Working with artifacts: Sharing dataset versions on project level#

Open in Colab

You can log and query metadata on project level, including dataset and model versions, text notes, images, notebook files, and anything else you can log to a single run.

In this tutorial, we'll track artifacts as project metadata. The flow includes:

  • Logging versions of all the datasets used in a project.
  • Organizing dataset version metadata in the Neptune app.
  • Sharing all the currently used dataset versions with your team.
  • Asserting that you're training on the latest dataset version available.
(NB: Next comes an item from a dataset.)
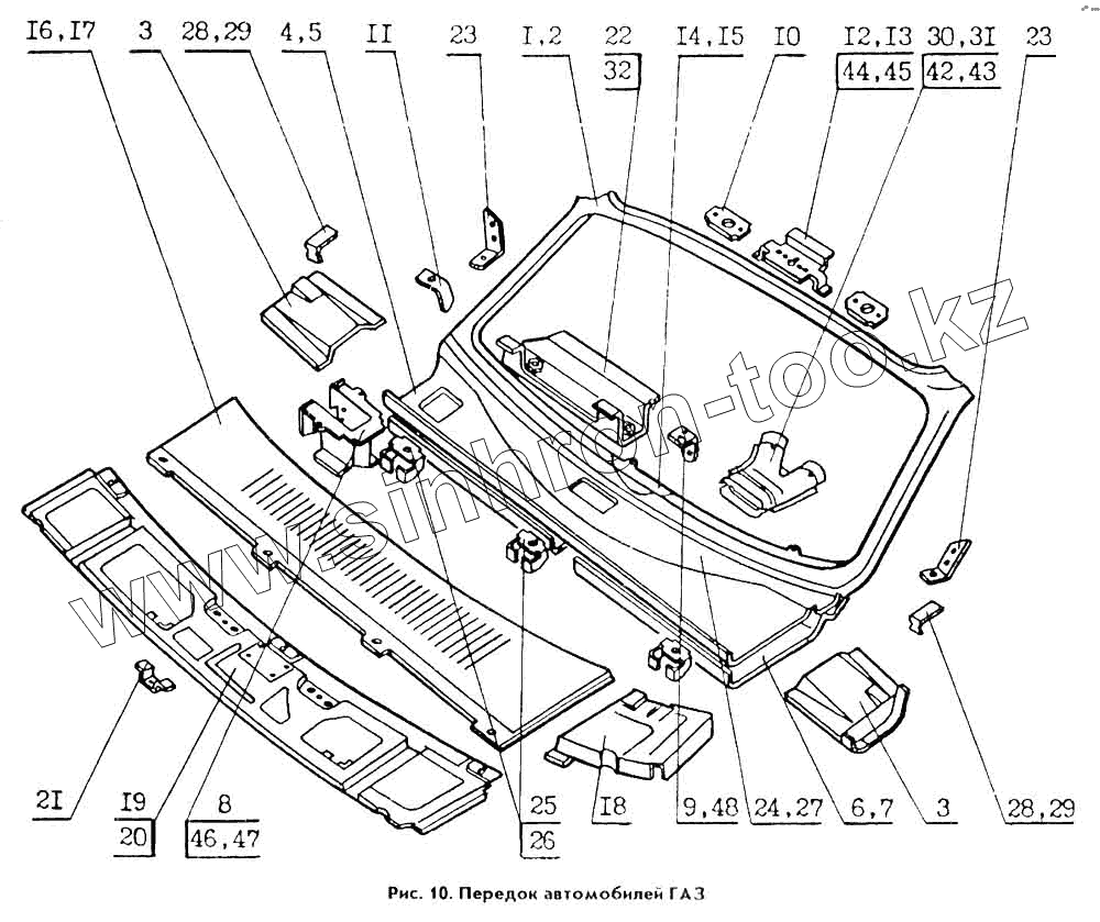 Каталог запасных частей к технике: ГАЗ Кузов ГАЗ 31029. Передок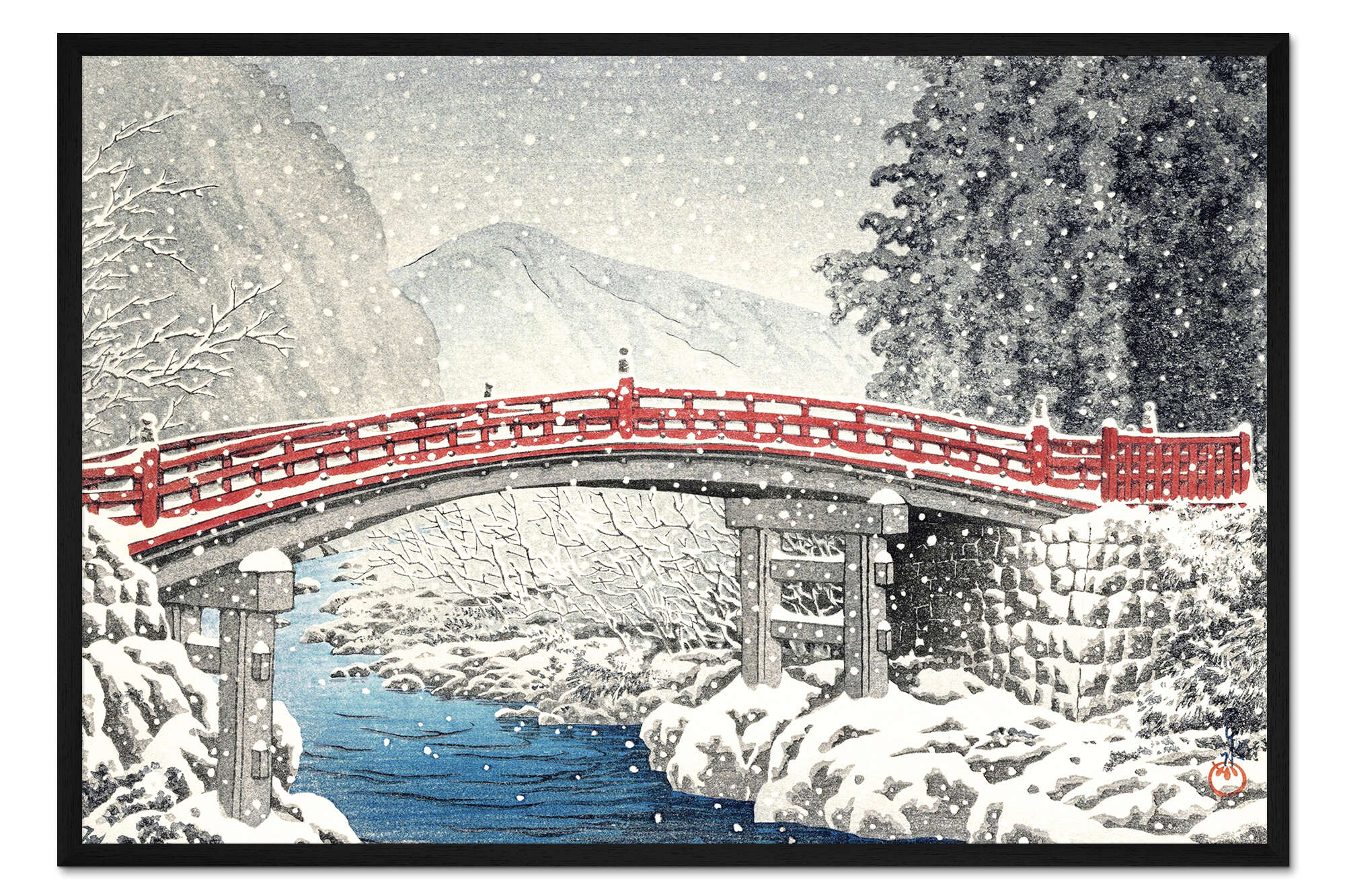 Posterlounge   Wandbilder   Malerei   Asiatische Kunst   Kawase Hasui   Gerahmter Kunstdruck Shinkyo-Brücke in Nikko unter dem Schnee

See results in Neptune  Code examples 

Before you start#

  • Sign up at neptune.ai/register.
  • Create a project for storing your metadata.
  • Install Neptune:

    pip install neptune
    
    Passing your Neptune credentials

    Once you've registered and created a project, set your Neptune API token and full project name to the NEPTUNE_API_TOKEN and NEPTUNE_PROJECT environment variables, respectively.

    export NEPTUNE_API_TOKEN="h0dHBzOi8aHR0cHM.4kl0jvYh3Kb8...6Lc"
    

    To find your API token: In the bottom-left corner of the Neptune app, expand the user menu and select Get my API token.

    export NEPTUNE_PROJECT="ml-team/classification"
    

    Your full project name has the form workspace-name/project-name. You can copy it from the project settings: Click the menu in the top-right → Details & privacy.

    On Windows, navigate to SettingsEdit the system environment variables, or enter the following in Command Prompt: setx SOME_NEPTUNE_VARIABLE 'some-value'


    While it's not recommended especially for the API token, you can also pass your credentials in the code when initializing Neptune.

    run = neptune.init_run(
        project="ml-team/classification",  # your full project name here
        api_token="h0dHBzOi8aHR0cHM6Lkc78ghs74kl0jvYh...3Kb8",  # your API token here
    )
    

    For more help, see Set Neptune credentials.

  • Have a couple of sample CSV files handy: train.csv and test.csv.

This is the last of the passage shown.